(PROVIDED DATA Opens)

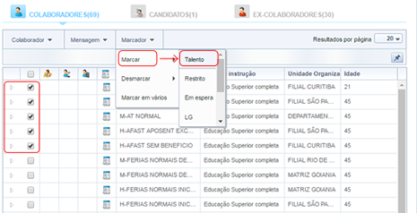 De acordo com a busca realizada será apresentada uma lista de pessoas que poderão participar das vagas, nas fases de Triagem ou Seleção. Através dessa lista é possível selecionar uma ou mais pessoas, marcando-as e executando as opções dispostas nos menus para colaboradores, candidatos e ex-colaboradores, como: visualizar currículo, inscrever na vaga, adicionar e removê-los dos marcadores Talento, Em espera e Restrito.
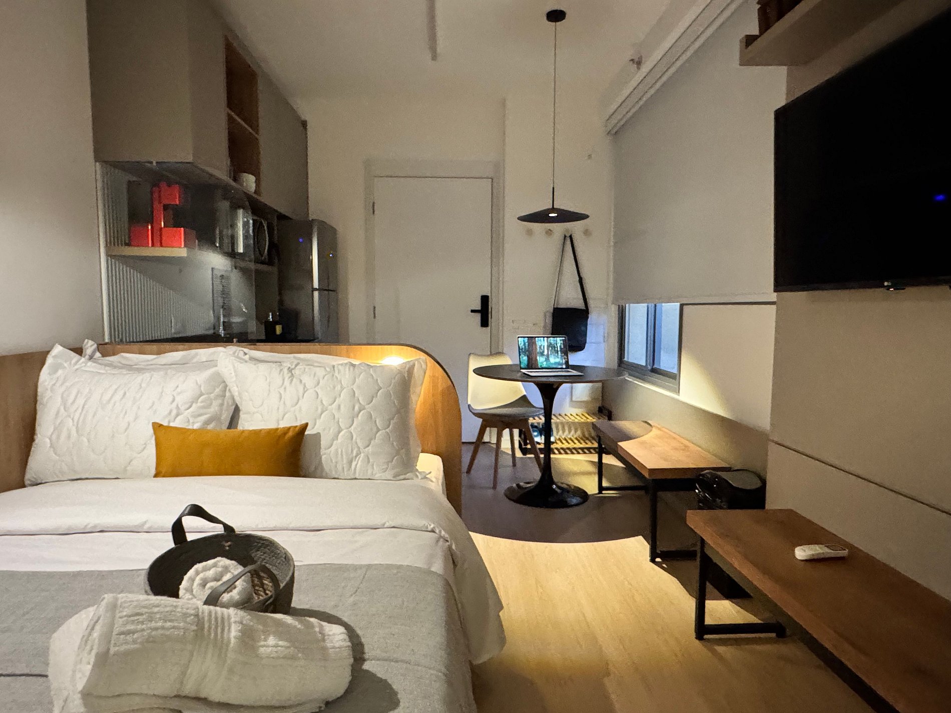 Studio novo com design moderno, super equipado e banheiro amplo e ventilado, a poucos metros do Metrô Paraíso. Conforto, praticidade e localização perfeita para negócios, lazer ou eventos em São Paulo.
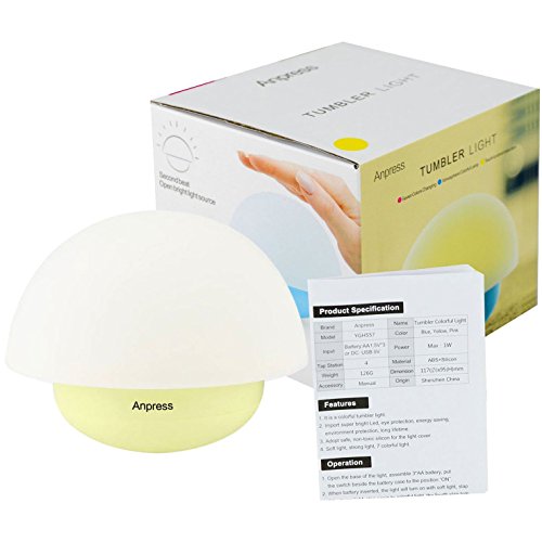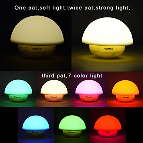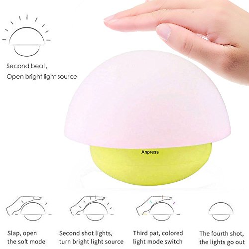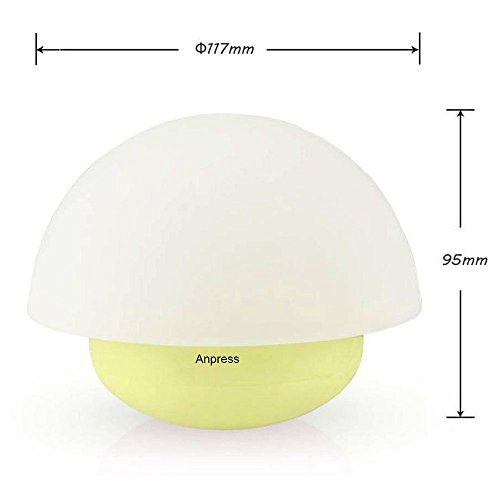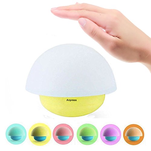 Anpress Tumbler Mushroom Design Colorful Night Light Touch Sensor Dimmable LED Nightlights with Softlight,Stronglight and 7 Colorful Light Best Gift for Baby Room, Bedroom, Nursery, Outdoor (Yellow)
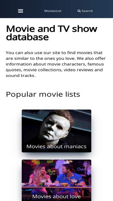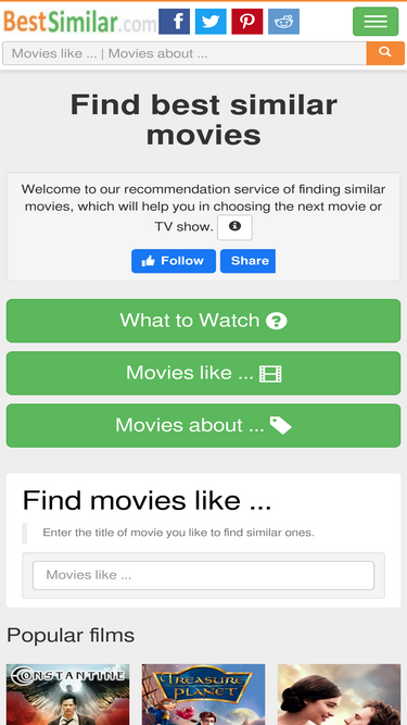 90%You can also use our site to find movies that are similar to the ones you love. We also offer information about movie characters, famous quotes, movie collections, video reviews and sound tracks.
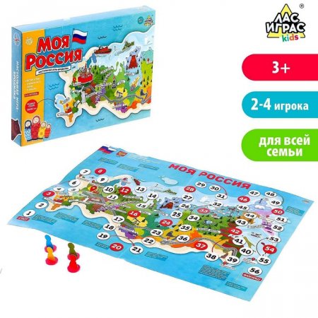Настольная игра «Моя Россия» рекомендована детям старше 3 лет и рассчитана на весёлую компанию до 4 участников. Она развивает память, моторику, внимание и даёт полезные знания!
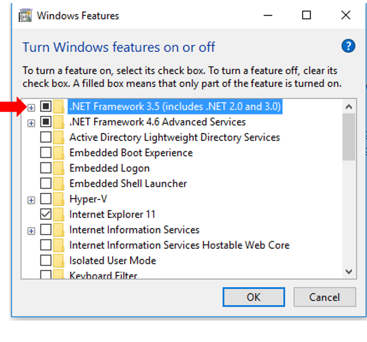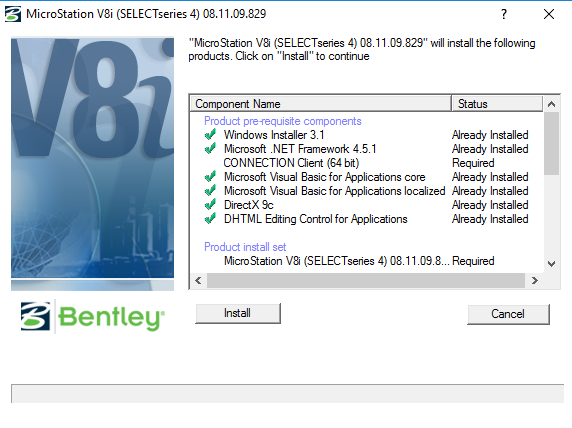 Installing this Windows component will allow the installation to proceed and also allow MicroStation to successfully run. This is an older component and generally is not required in the Windows 10 environment but is a requirement of MicroStation V8i Select Series.
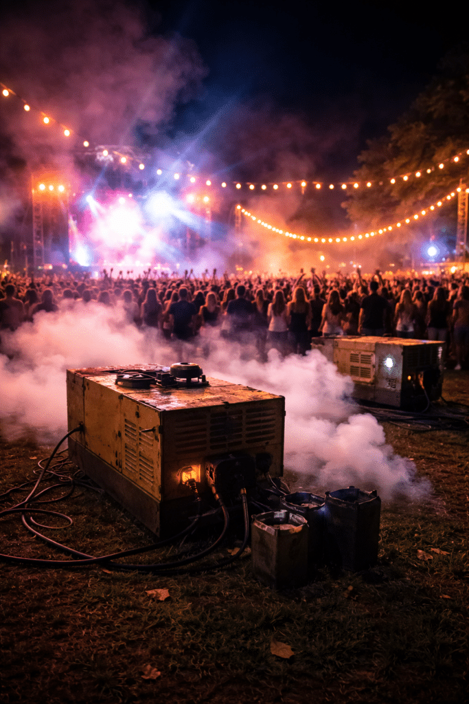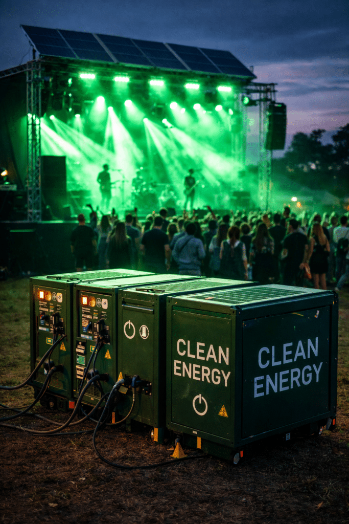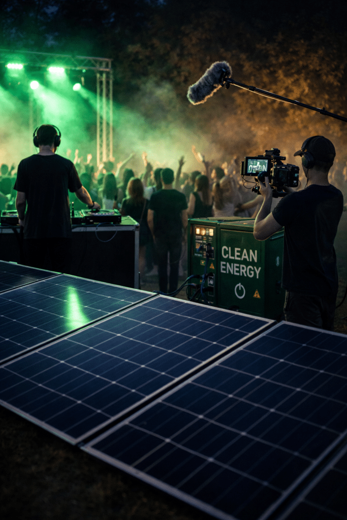 Traditionnellement, les festivals et tournages sont très polluants, reposant sur des groupes électrogènes alimentés au diesel. Un rapport du Julie’s Bicycle estime qu’un grand festival peut émettre plus de 500 tonnes de CO₂, notamment à cause de la production d’énergie temporaire.

(PROVIDED DATA Closes)

EXERCISE REQUIREMENTS: Set out the material once more, exact in every line, with no images.

WRITTEN RESPONSE:
 De acordo com a busca realizada será apresentada uma lista de pessoas que poderão participar das vagas, nas fases de Triagem ou Seleção. Através dessa lista é possível selecionar uma ou mais pessoas, marcando-as e executando as opções dispostas nos menus para colaboradores, candidatos e ex-colaboradores, como: visualizar currículo, inscrever na vaga, adicionar e removê-los dos marcadores Talento, Em espera e Restrito.
 Studio novo com design moderno, super equipado e banheiro amplo e ventilado, a poucos metros do Metrô Paraíso. Conforto, praticidade e localização perfeita para negócios, lazer ou eventos em São Paulo.
 Anpress Tumbler Mushroom Design Colorful Night Light Touch Sensor Dimmable LED Nightlights with Softlight,Stronglight and 7 Colorful Light Best Gift for Baby Room, Bedroom, Nursery, Outdoor (Yellow)
 90%You can also use our site to find movies that are similar to the ones you love. We also offer information about movie characters, famous quotes, movie collections, video reviews and sound tracks.
Настольная игра «Моя Россия» рекомендована детям старше 3 лет и рассчитана на весёлую компанию до 4 участников. Она развивает память, моторику, внимание и даёт полезные знания!
 Installing this Windows component will allow the installation to proceed and also allow MicroStation to successfully run. This is an older component and generally is not required in the Windows 10 environment but is a requirement of MicroStation V8i Select Series.
 Traditionnellement, les festivals et tournages sont très polluants, reposant sur des groupes électrogènes alimentés au diesel. Un rapport du Julie’s Bicycle estime qu’un grand festival peut émettre plus de 500 tonnes de CO₂, notamment à cause de la production d’énergie temporaire.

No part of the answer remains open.